Etiquette: When to Give Gifts

Wedding Etiquette advice from Anna Post, great-great granddaughter of Emily Post and author of Do I Have to Wear White? and Wedding Parties

Here’s the lowdown on the different pre- and post-wedding gatherings and whether a gift is called for on the joyous occasions:

• Engagement Parties: As a general rule, gifts are not given at an engagement party. (Close friends and relatives of the bride and groom may want to give engagement gifts, in which case they should be presented to the couple in private.) This tradition is currently in a state of change, however. Depending on where you live, giving a gift at the engagement party may now be expected. Check with your host if you’re unsure what to do.

• Showers: You absolutely should bring a gift to a wedding shower (that’s the whole point of the party, after all!). If there’s a gift theme, try and stick to it—it will be more fun for the couple and the other guests that way. If you can’t attend the shower, you don’t need to send a gift, but can if you’d like.

• Bachelorette Parties: Gifts aren’t necessary at bachelorette parties, although the hosts may want to provide guests with some inexpensive token gift to remember the evening by.

• Attendants’ Parties: Although no gifts are expected at these parties, the bride and groom can use them as opportunities to give gifts to their attendants—although this may also be done at the rehearsal dinner.

• Rehearsal Dinners: Guests do not bring gifts for the rehearsal dinner. However, the bride and groom may exchange gifts with their attendants at this time.

• Wedding Receptions: Gifts are always given by invited guests to the bride and groom on the occasion of their wedding, even if a guest can’t attend. Gifts may be sent before the date to whatever address the bride and groom designate, or brought to the wedding and left wrapped with an accompanying card on the gifts table. A wedding gift also can be sent after the fact, but this should be done as soon as possible.

• Belated Receptions: There’s an important distinction to be made here: Gifts are given because of weddings, not because of receptions. If a guest is invited only to a belated reception and not to the wedding itself, then a gift doesn’t officially need to be given. In short, think about it this way: One wedding invitation, one present.

• Destination Weddings: Wedding presents are given if you’ve been invited to a destination wedding. However, since attending one can be very expensive, it’s OK to spend a bit less on the gift than you’d normally consider. Due to the expense, many couples will ask those guests who made the trip not to give them presents at all.

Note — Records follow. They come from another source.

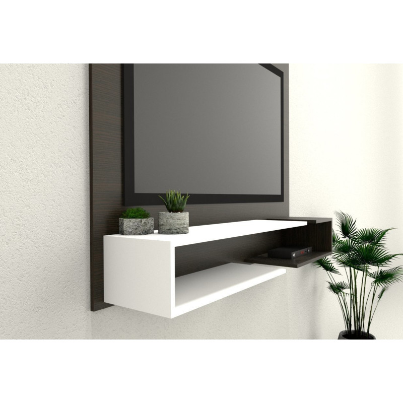 Panel flotante para TV con 2 estantes.
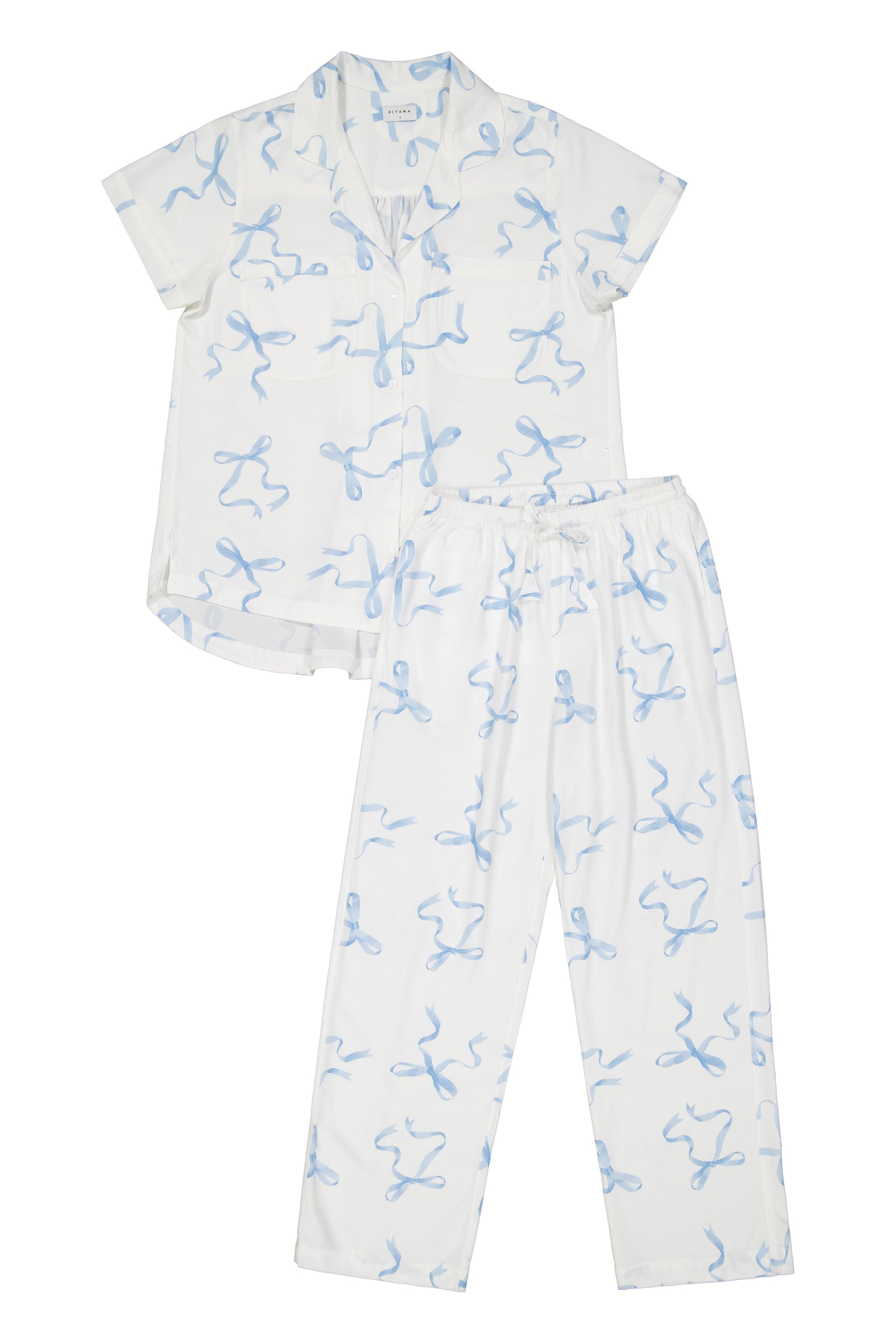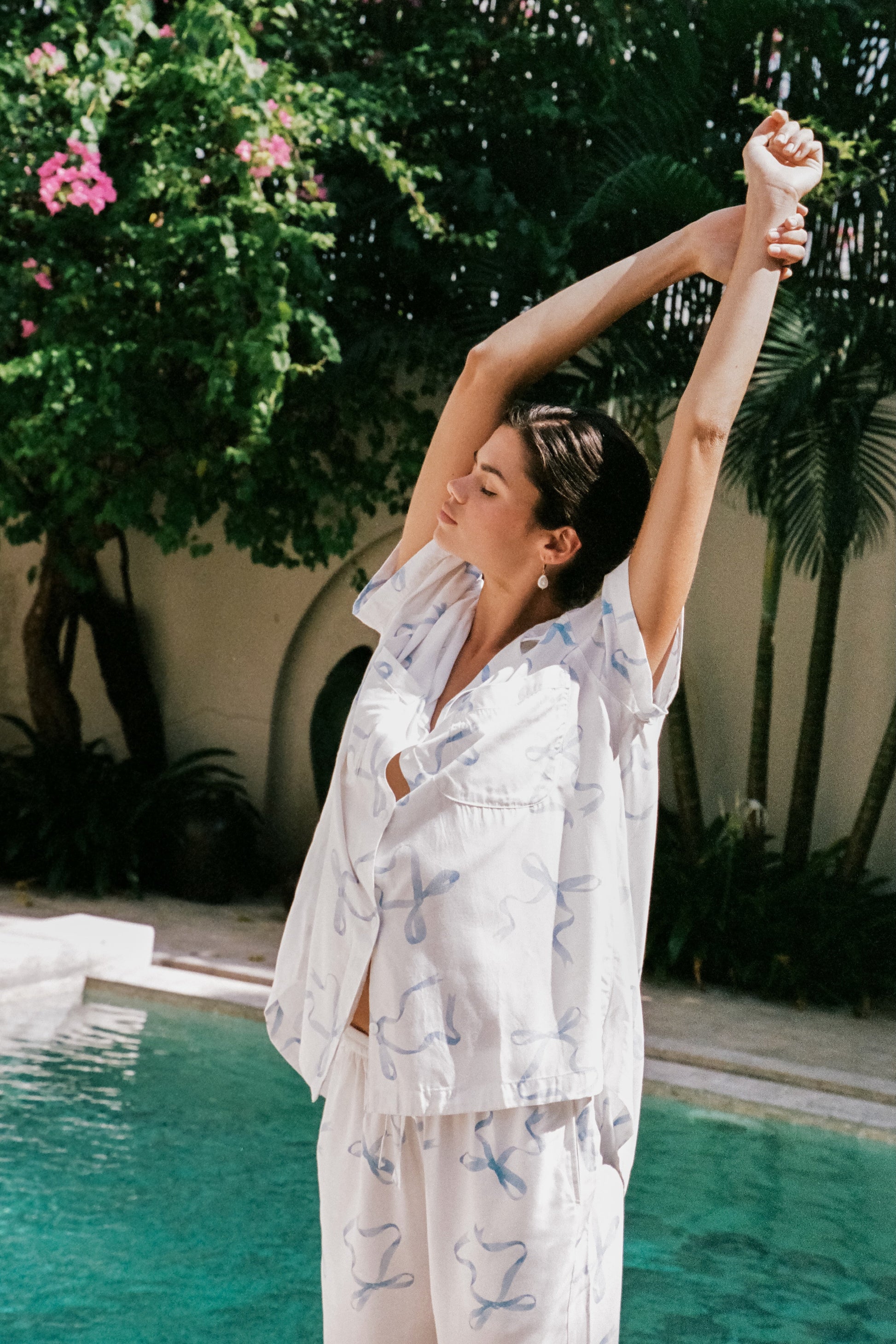 Hand-painted by inspiring local artist @jasminedowling, Bow bries a fresh take on  Something Blue - perfect for those unforgettable wedding moments. Crafted from our signature soft 100% rayon, it's a dream to sleep in. Pair with our other Bow styles.
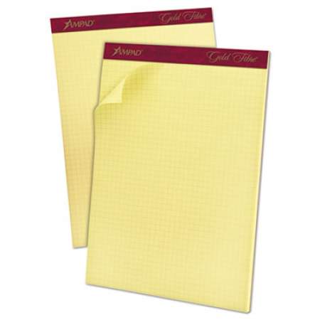 2Pc Ampad Gold Fibre Canary Quadrille Pads, Stapled with Perforated Sheets, Quadrille Rule (4 sq/in), 50 Canary 8.5 x 11.75 Sheets (22143)
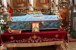 Праворуч від вівтаря знаходиться кипарисова труна з мощами святого Лазаря Сербського. Цей саркофаг встановлений у 1826 році. Мощі князя Лазаря, перевезені у Врднік ченцями з Раваниці у 1690 році неодноразово переносились з монастиря в інші місця: у 1716 році через небезпеку бути захопленими турками їх деякий час тримали у Футозі, потім у 1848, побоюючись угорців ченці перенесли мощі до Кленака, але вони залишилися там лише три місяці, а потім повернулися до Врдніка. На початку Другої світової війни вони знову були перенесені з Врдніка, цього разу до Бешенівського монастиря, де вони знаходилися в період з 1941 до 1942 року, а згодом звідти вони були переправлені у Белград. 14 квітня 1942 року професор Богословського факультету протоієрей Радослав Груїч переніс мощі Лазаря в Белградський кафедральний собор. І лише під час святкування 600-річчя битви на Косовому полі у 1989 році вони були повернуті в Раваницю. Тим не менше, в монастирі є частка мощей (ключиця), яка експонується в скляній ємності, вбудованій в труну.
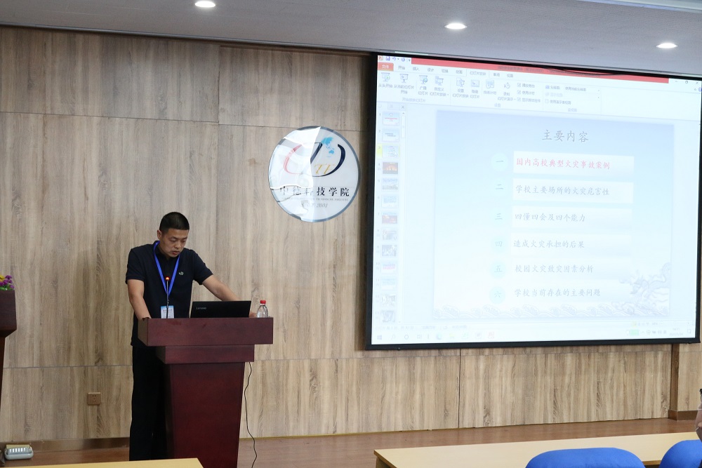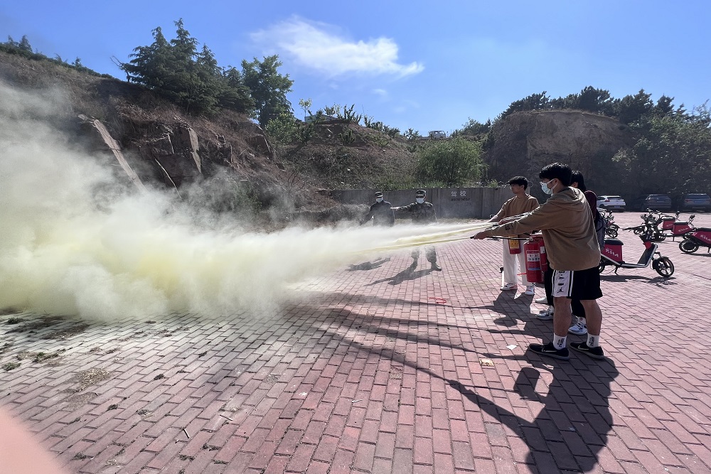 坚持育训结合,做到工作到位。5月24日下午,学院邀请保卫处余全波老师和赵淑东老师作消防安全知识讲座并开展消防灭火演练。各年级学生骨干、宿舍长参加。在学院C3103会议室,余全波老师通过发生在高校的火灾案例,分析火灾致灾的主要因素,向学生们传授了面临突发事件时的“四懂四会及四个能力”的应急自救、互救技能与方法。在北苑食堂广场,赵淑东老师介绍常用灭火器的使用方法,并重点强调了使用灭火器的注意事项。随后现场学生进行了实地灭火演练,提高了消防安全技能。

Q: haven’t had time to find a gift for my friends prior to their wedding. But I have up to a year after their wedding to send a gift, right?

A: No, not really. The idea that you have a year in which to send a wedding gift is a myth. While I’m not endorsing the one-year rule, the bottom line is: better late than never. I’ve heard from a lot of couples who were really hurt that one of their guests didn’t send a present. This isn’t about greed for gifts. The fact is, lack of a gift translates into a feeling that the guest must not care enough to bother. In the end, it’s always best to send a gift—no matter how late it is—along with a note apologizing for the delay.

Q: I’m asking guests not to bring gifts to my engagement party, but I’m worried that some people will anyway. What should I do if this happens?

A: The phrase “No gifts, please” really does mean no gifts. If some guests ignore this request, however, and show up with a gift in hand, you should simply smile, thank them graciously (throwing in a “You didn’t have to do that!” also is certainly in order), put the gift aside to be opened later, and then just let it go. Don’t express annoyance or refuse the gift. Do reassure (in private) any guests worried about not having brought a gift that they were perfectly in the right for not bringing one.

Q: Is there a set amount that I should spend on a wedding gift?

A: How much you choose to spend on a present is always up to you. There’s no etiquette rule or formula for figuring out how much you should spend on a gift for a shower or wedding. Instead, think about your budget and your relationship with the person. Don’t feel guilty if you want to spend more on your sister than on your second cousin.